Роман «Александр I», кажется, должен быть признан лучшим из беллетрических произведений г-на Мережковского. Это, по всей вероятности, его «Война и мир»: значительнее он уже ничего не напишет. Но если это будет именно так, если в этом он сойдется с Толстым, который выше «Войны и мира» ничего не создал впоследствии, тем меньше у нашего романиста права на претензии разыгрывать роль законного преемника великого монарха русской литературы. Сколько бы ни пророчили г-ну Мережковскому разные услужливые… критики, что после Толстого некому другому занять место великого писателя земли русской, такие пророчества кажутся смешными. Увы, шедевр творчества автора «Александра» перед шедевром творчества автора «Войны и мира» представляется столь незначительным, что даже и сравнений никаких тут не приходится. Сравнение может повести только к тому, что сам по себе достаточно заметный талант г-на Мережковского умалится до очень скромных размеров. Сравнение непременно приведет к сознанию, что «преемник» Толстого отнюдь не годится для высокого пьедестала героя литературы и несомненно представляет «из себя», как любят говорить критики-жиды, только одного из эпигонов. Я знаю, что современные авторы из категории не очень удачных поэтов, беллетристов и драматургов весьма недолюбливают, когда критики для постановки этих обыкновенно заносчивых господ «на свое место» припоминают произведения гениев прошлого. Господа заносчивые неудачники признают это «скверным приемом унижения живых гениев с помощью мертвецов». Но я знаю также, что без этого приема, ненавистного заносчивым мнимым гениям современности, невозможно установить никакой правильной оценки настоящей стоимости литературных произведений и талантов. И вот именно потому, что я все это знаю, мне невольно приходится остановиться несколько дольше на вопросе, в сущности, пустом, о притязании г-на Мережковского на пост Толстого.
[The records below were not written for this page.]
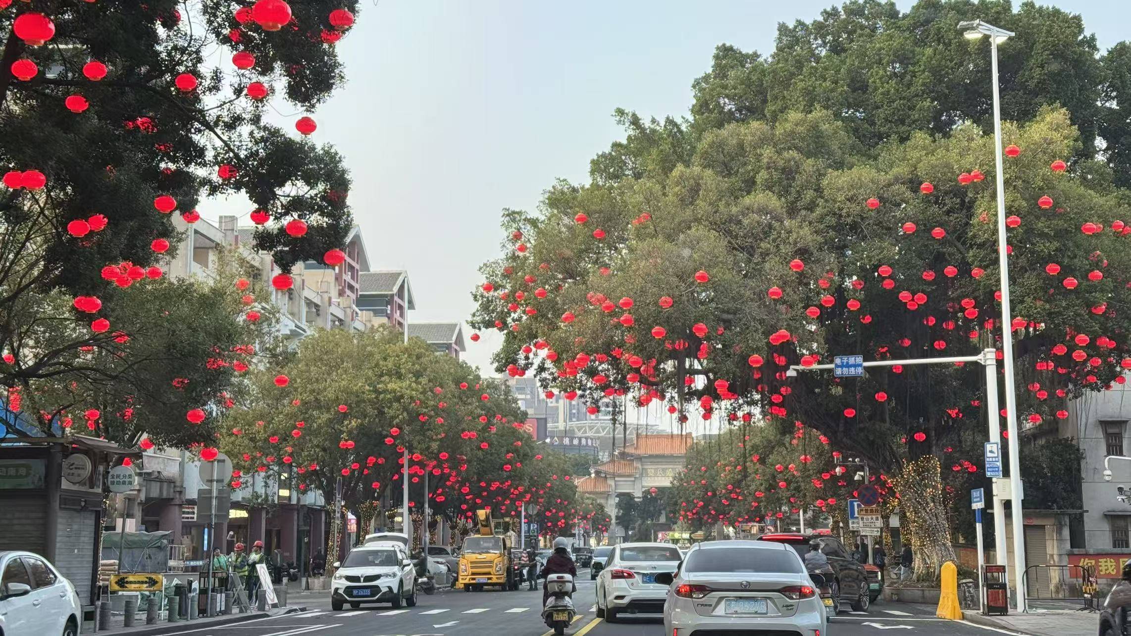 西樵登山大道焕然一新,崭新路面平整畅行,大红灯笼高高挂起。
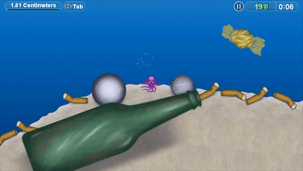 4、进游戏后就控制你的小章鱼到处吃垃圾就行。记住,通关时间越短,最后给的评价就越高。
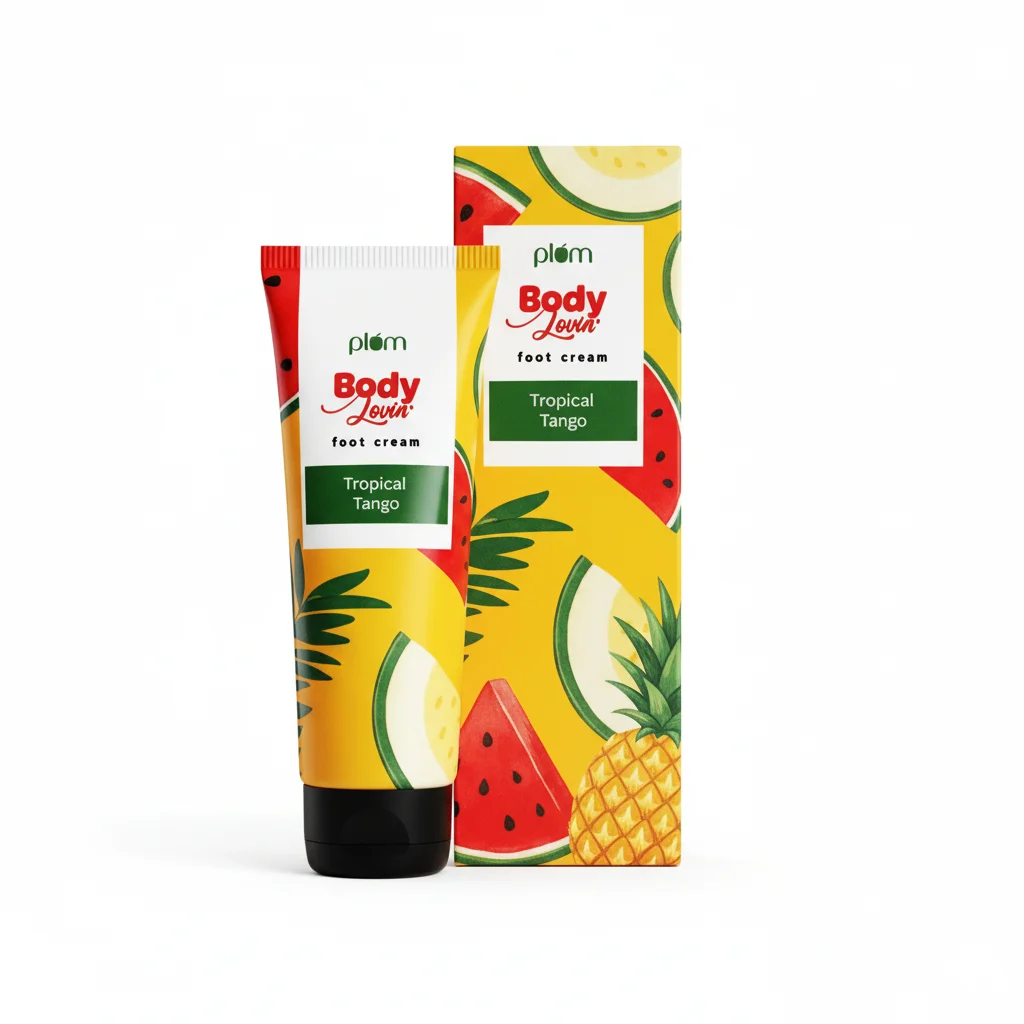Give your feet a refreshing treat with the Plum BodyLovin’ Tropical Tango Foot Cream. This vibrant foot cream is designed to hydrate, soften, and soothe tired feet, infusing them with an exotic “Tropical Tango” fragrance that evokes images of sun-drenched islands. The cheerful yellow packaging, adorned with playful illustrations of watermelon, pineapple, and other tropical fruits, captures the essence of a summer paradise. Its rich formula works to moisturize dry, rough skin, leaving your feet feeling refreshed, smooth, and revitalized. The convenient tube packaging allows for easy and mess-free application, making it a perfect addition to your daily foot care routine.
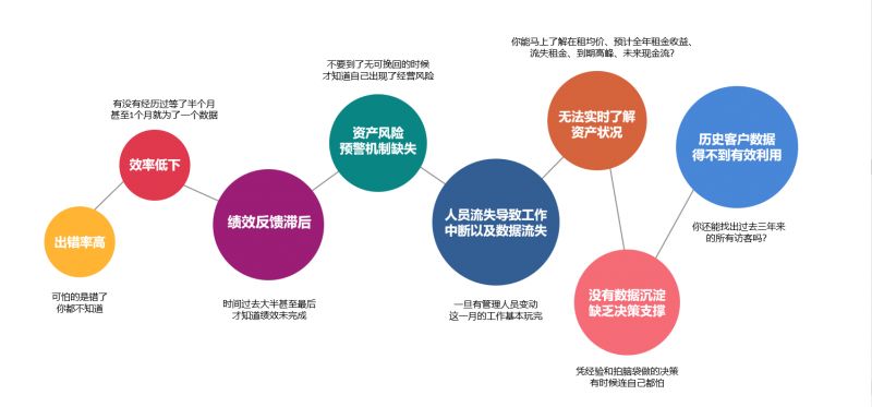 目前,存量市场里还有不少痛点,比如出错率高、效率低下、绩效反馈滞后、人员流失导致工作终端、历史客户数据得不到有效利用等。这些痛点跟空间运营者的管理能力存在差异导致的,却没有一套完整的体系来管理。
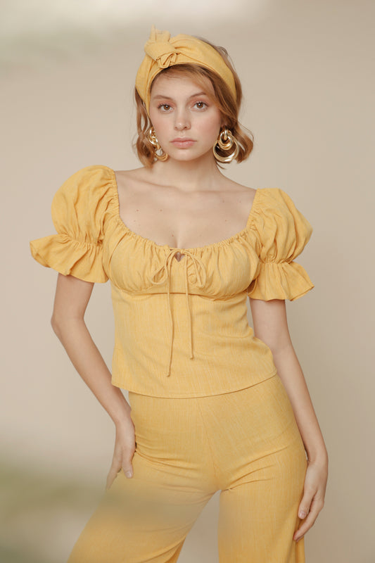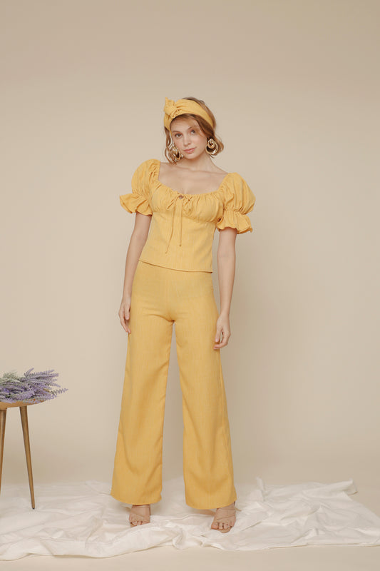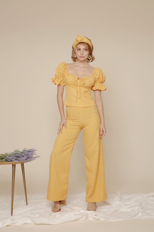 FLOR PANTS SET Puff Sleeve Top with Frill and Drawstring Detail and High Waist Culottes (Yellow Chambray)
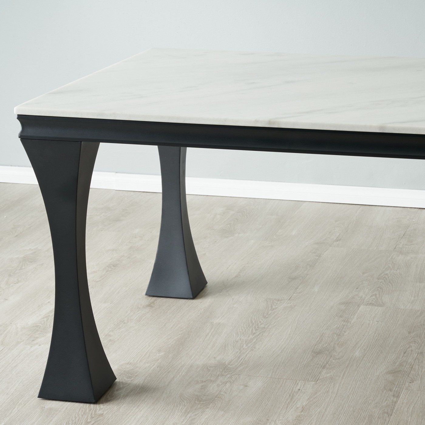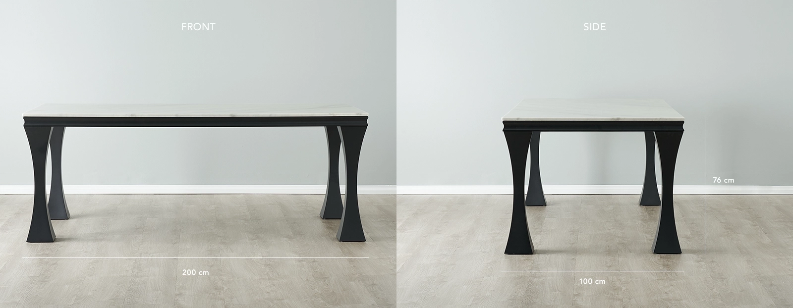 Providing stability and balance to the Melody is a symphony of stainless steel legs. These have been meticulously crafted to form a concave design which further adds to the Melody's sophisticated aesthetics. The matching of white marble with the dark-coloured frame creates an undeniably luxurious look. Pair the Melody with an ensemble of our dining chairs.
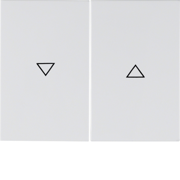 Die 2-fach Wippe mit Pfeilsymbol aus der K.1 Serie in polarweiß, glänzend, eignet sich für Jalousie-Wippenschalter/-taster sowie für Taster-Bedienungsanlagen. Für Unterputz-Installation konzipiert, besteht sie aus bruchsicherem, halogenfreiem Thermoplast. Ihre hochglänzende Oberfläche bietet eine ästhetische und langlebige Bedienlösung im Flächenprogramm, passend für Berker Schalterprogramme.
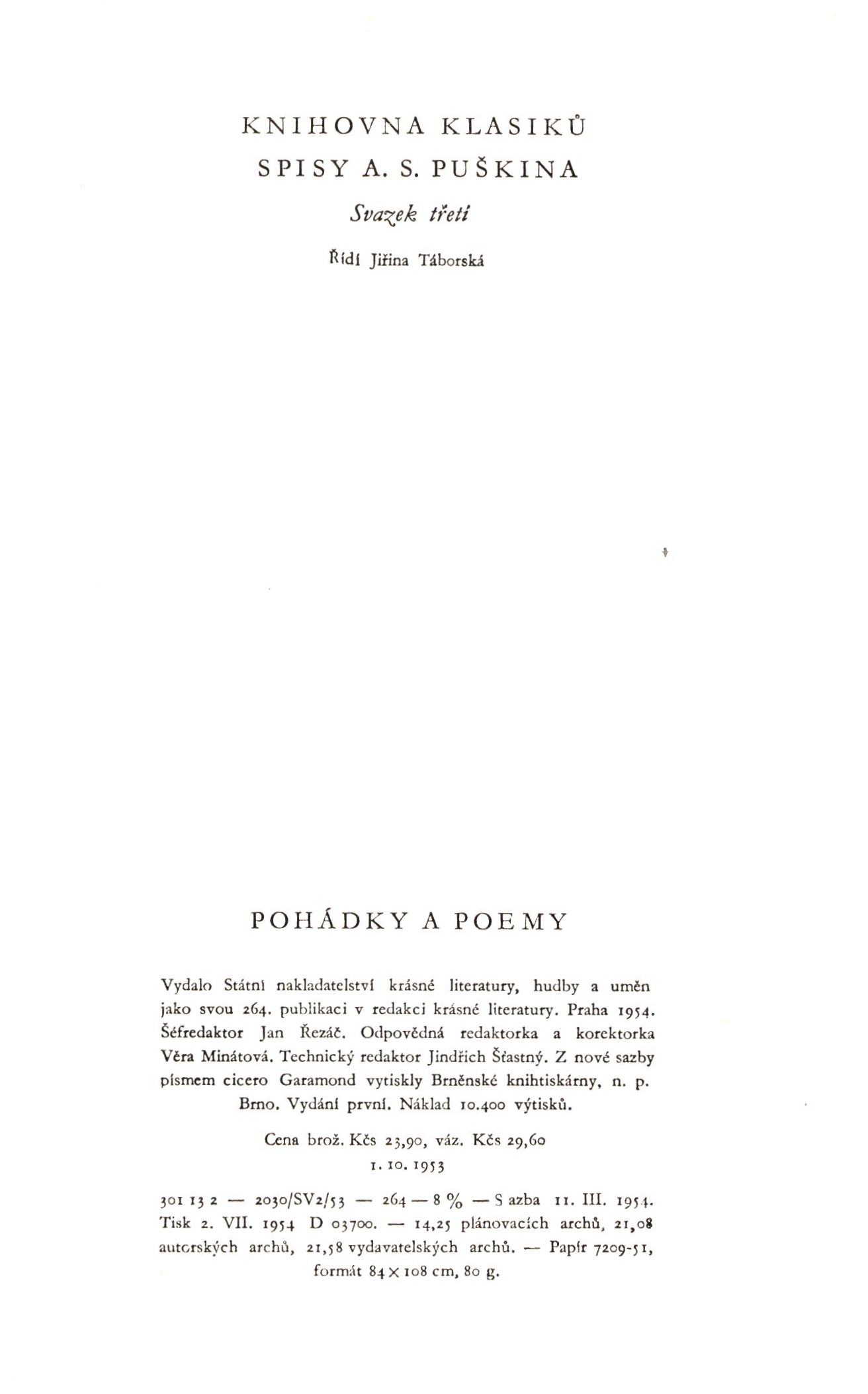 Knihovna klasiků, (Státní nakladatelství krásné literatury a umění)Spisy, Alexander Sergejevič Puškin, (SNKLHU)Country Czech Republic Language Czech Language of the original Russian Note Barevná zdobená obálka. - Modrá plátěná obálka s ražbou. - Frontispis. - Poznámky a vysvětlivky. - 10 400 výtisků.
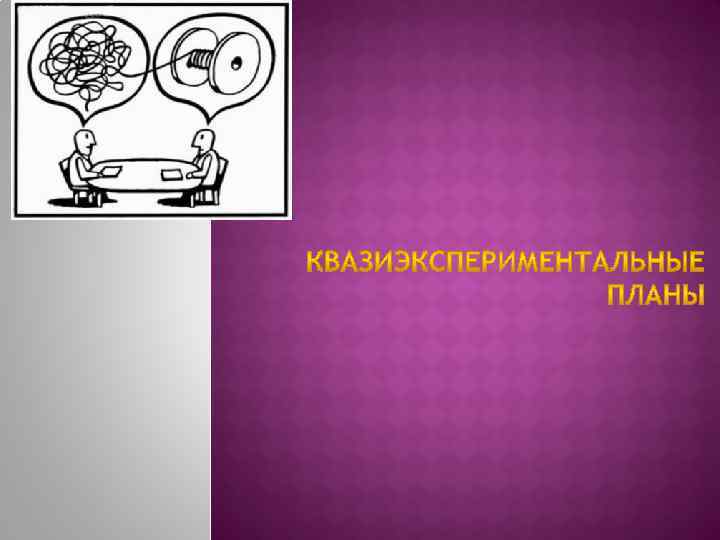 Квазиэкспериментальн ый план используется в исследованиях, в которых независимые переменные (элементы, влияние которых на результат измеряется в эксперименте) выбира ются из естественной среды.
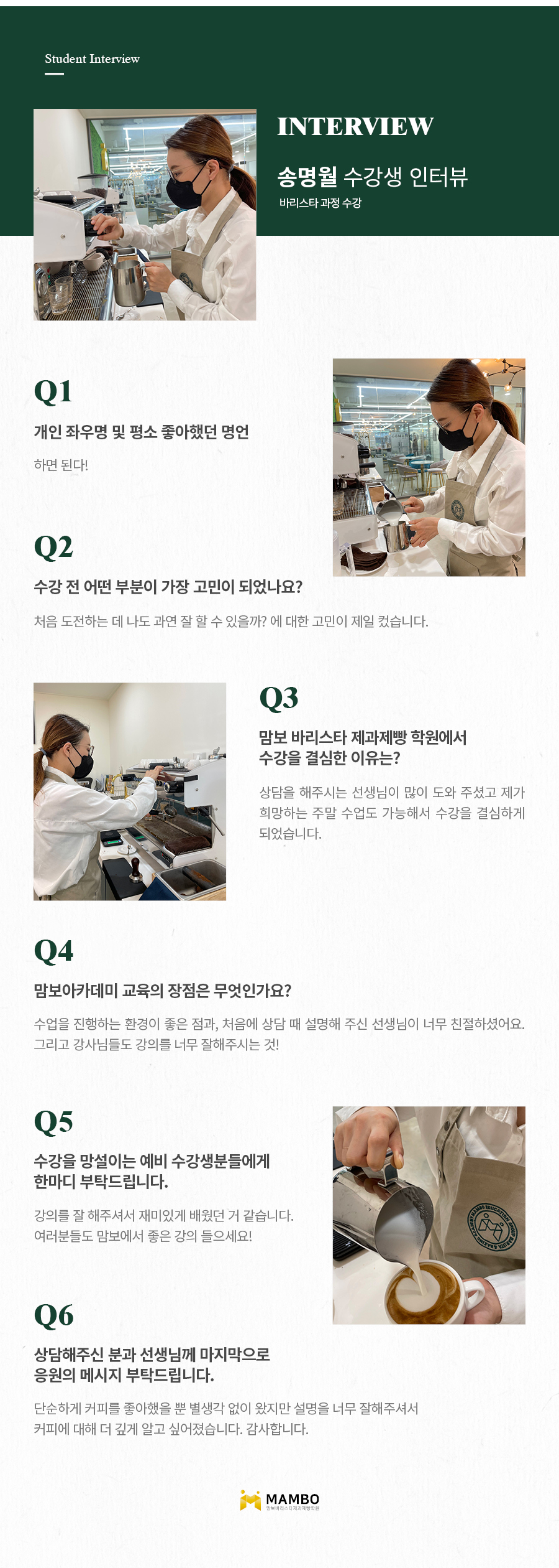 제1조 (개인정보 수집에 대한 동의)맘보교육그룹(이하 회사)는 이용자들이 회사의 개인정보취급방침 또는 이용약관의 내용에 대하여 “동의”버튼 또는 “취소”버튼을 클릭할 수 있는 절차를 마련하여, “동의”버튼을 클릭하면 개인정보 수집에 대해 동의한 것으로 봅니다. 제2조 (개인정보 수집항목) 온라인 문의를 통한 상담을 위해 처리하는 개인정보 항목은 아래와 같습니다. 수집항목 : 성명, 이메일, 전화번호 제3조 (개인정보의 이용목적) 회사는 이용자의 사전 동의 없이는 이용자의 개인 정보를 공개하지 않으며, 원활한 고객상담, 각종 서비스의 제공을 위해 아래와 같이 개인정보를 수집하고 있습니다. 모든 정보는 상기 목적에 필요한 용도 이외로는 사용되지 않으며 수집 정보의 범위나 사용 목적, 용도가 변경될 시에는 반드시 사전 동의를 구할 것입니다. - 성명 : 제품상담에 따른 본인 확인 - 이메일, 전화번호 : 제품상담 및 이벤트 관련 고지사항 전달, 새로운 서비스 및 신상품 정보 제공(DM, SMS, 이메일 등 이용) 이용자는 개인정보의 수집/이용에 대한 동의를 거부할 수 있습니다. 다만, 동의를 거부하는 경우 온라인 문의를 통한 상담은 불가하며 서비스 이용 및 혜택 제공에 제한을 받을 수 있습니다. 제4조 (개인정보의 보유 및 이용기간) 원칙적으로 개인정보 수집 및 이용목적이 달성된 후에는 해당 정보를 지체 없이 파기합니다. 그리고 상법, 전자상거래 등에서의 소비자보호에 관한 법률 등 관계법렵의 규정에 의하여 보존할 필요가 있는 경우 회사는 관계법령에서 정한 일정한 기간 동안 정보를 보관합니다. 이 경우 회사는 보관하는 정보를 그 보관의 목적으로만 이용하며 보존기간은 아래와 같습니다. - 계약 또는 청약철회 등에 관한 기록 : 5년(전자상거래등에서의 소비자보호에 관한 법률) - 소비자의 불만 또는 분쟁처리에 관한 기록 : 3년(전자상거래등에서의 소비자 보호에 관한 법률) - 시용정보의 수집/처리 및 이용 등에 관한 기록 : 3년(신용정보의 이용 및 보호에 관한 법률) - 회사는 귀중한 이용자의 개인정보를 안전하게 처리하며, 유출의 방지를 위하여 다음과 같은 방법을 통하여 개인정보를 파기합니다. - 종이에 출력된 개인정보는 분쇄기로 분쇄하거나 소각을 통하여 파기합니다. - 전자적 파일 형태로 저장된 개인정보는 기록을 재생할 수 없는 기술적 방법을 사용하여 삭제합니다.
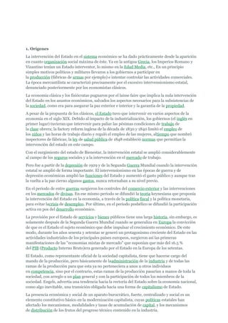 1. El documento describe la historia de la intervención estatal en la economía desde la antigüedad hasta la actualidad. Ha habido un aumento en la intervención estatal, especialmente después de las guerras mundiales y la Gran Depresión.
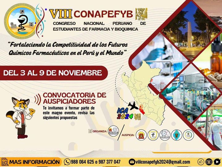 #FacultaddeFarmaciayBioquimica | El 𝙑𝙄𝙄𝙄 𝘾𝙊𝙉𝙂𝙍𝙀𝙎𝙊 𝙉𝘼𝘾𝙄𝙊𝙉𝘼𝙇 𝙋𝙀𝙍𝙐𝘼𝙉𝙊 𝘿𝙀 𝙀𝙎𝙏𝙐𝘿𝙄𝘼𝙉𝙏𝙀𝙎 𝘿𝙀 𝙁𝘼𝙍𝙈𝘼𝘾𝙄𝘼 𝙔 𝘽𝙄𝙊𝙌𝙐𝙄𝙈𝙄𝘾𝘼, VIII CONAPEFYB que se llevará a cabo en ICA, esta en busqueda de auspiciadores que deseen apoyar este importante evento que reunirá a muchos estudiantes y profesionales de la región.
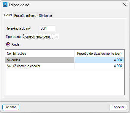 Ponto de abastecimento da instalação. O programa permite definir um único abastecimento ou vários abastecimentos para a rede. Ao selecionar este tipo de nó, o programa apresenta uma tabela na parte inferior que permite definir o valor da pressão disponível para cada combinação na coluna "Pressão de abastecimento". Desta forma, é possível simular diferentes condições de funcionamento da instalação para diferentes pressões de abastecimento. - Nó de transição
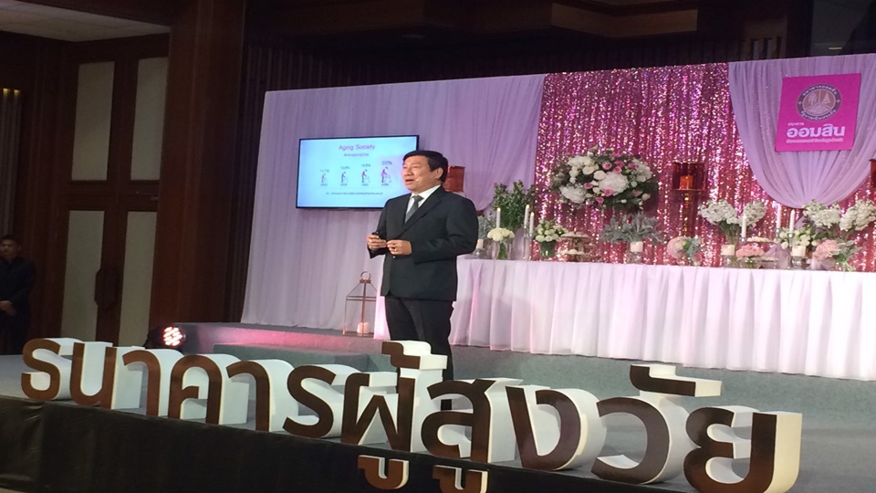 นายชาติชาย พยุหนาวีชัย ผู้อำนวยการธนาคารออมสิน เปิดเผยว่า นับจากปี 2548 ประเทศไทยก้าวสู่สังคมผู้สูงวัยมีผู้สูงอายุเพิ่มขึ้น ขณะที่ประชากรโดยรวมมีแนวโน้มลดลง พลเอกประยุทธ์ จันทร์โอชา นายกรัฐมนตรี มีนโยบายให้หน่วยงานที่เกี่ยวข้องมีแผนรองรับการเปลี่ยนแปลงดังกล่าวและพร้อมที่จะช่วยกันดูแลผู้สูงวัย โดยธนาคารออมสินเล็งเห็นว่าผู้สูงอายุควรได้รับการดูแลเป็นพิเศษด้านความมั่นคงทางการเงิน จึงพัฒนาผลิตภัณฑ์การเงินที่จะให้บริการสำหรับผู้สูงวัยในชื่อ “ธนาคารผู้สูงวัย” เพื่อให้ได้รับบริการที่เหมาะสมพร้อมการดูแลเป็นอย่างดี โดยพร้อมที่จะให้บริการแล้วตั้งแต่บัดนี้เป็นต้นไป
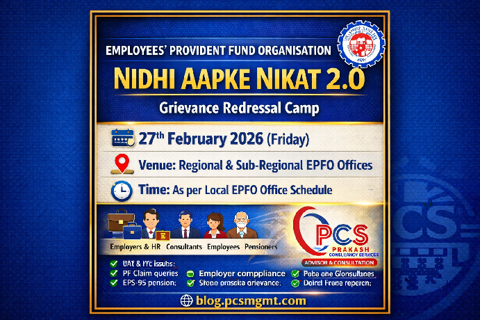 Prakash Consultancy Services (PCS) encourages organizations and employees to make full use of this facilitation camp to resolve pending PF matters and ensure smooth statutory compliance.

Кажется, не одни только представители современной критики из категории тех, что услуживают авторам пусканием в авторские лбы булыжников, но как будто и сам г-н Мережковский немножко уверовал в то, что в наше время он стоит на посту «властителя дум». Так, по крайней мере, можно заключить из тех «выступлений» г-на Мережковского то в печати, то на кафедре, какие он теперь делает нередко по поводу различных, так называемых, «инцидентов» текущей русской жизни. Г-н Мережковский, по-видимому, серьезно воображает, что он должен, обязан время от времени нечто изрекать и нечто возглашать, изрекать и возглашать, в качестве если не совсем «великого писателя земли русской», то в качестве какого-то литературного «мэтра». И вот г-н Мережковский возглашает и изрекает. Толстой на старости лет заявлял: «не могу молчать». Г-н Мережковский, хотя еще не так уж стар, но, видите ли, тоже, не может молчать. А между тем, право, ему было выгоднее помолчать в тех случаях, когда им овладевает порыв изреканий и возглашений. Может быть, его тогда бы считали не только за более скромного писателя, но и за более умного. А теперь своей склонностью к публичным «выступлениям», или, точнее говоря, к публичным выпрыгиваниям, он нередко возбуждает насмешливые отзывы о недостаточно высокой степени его ума.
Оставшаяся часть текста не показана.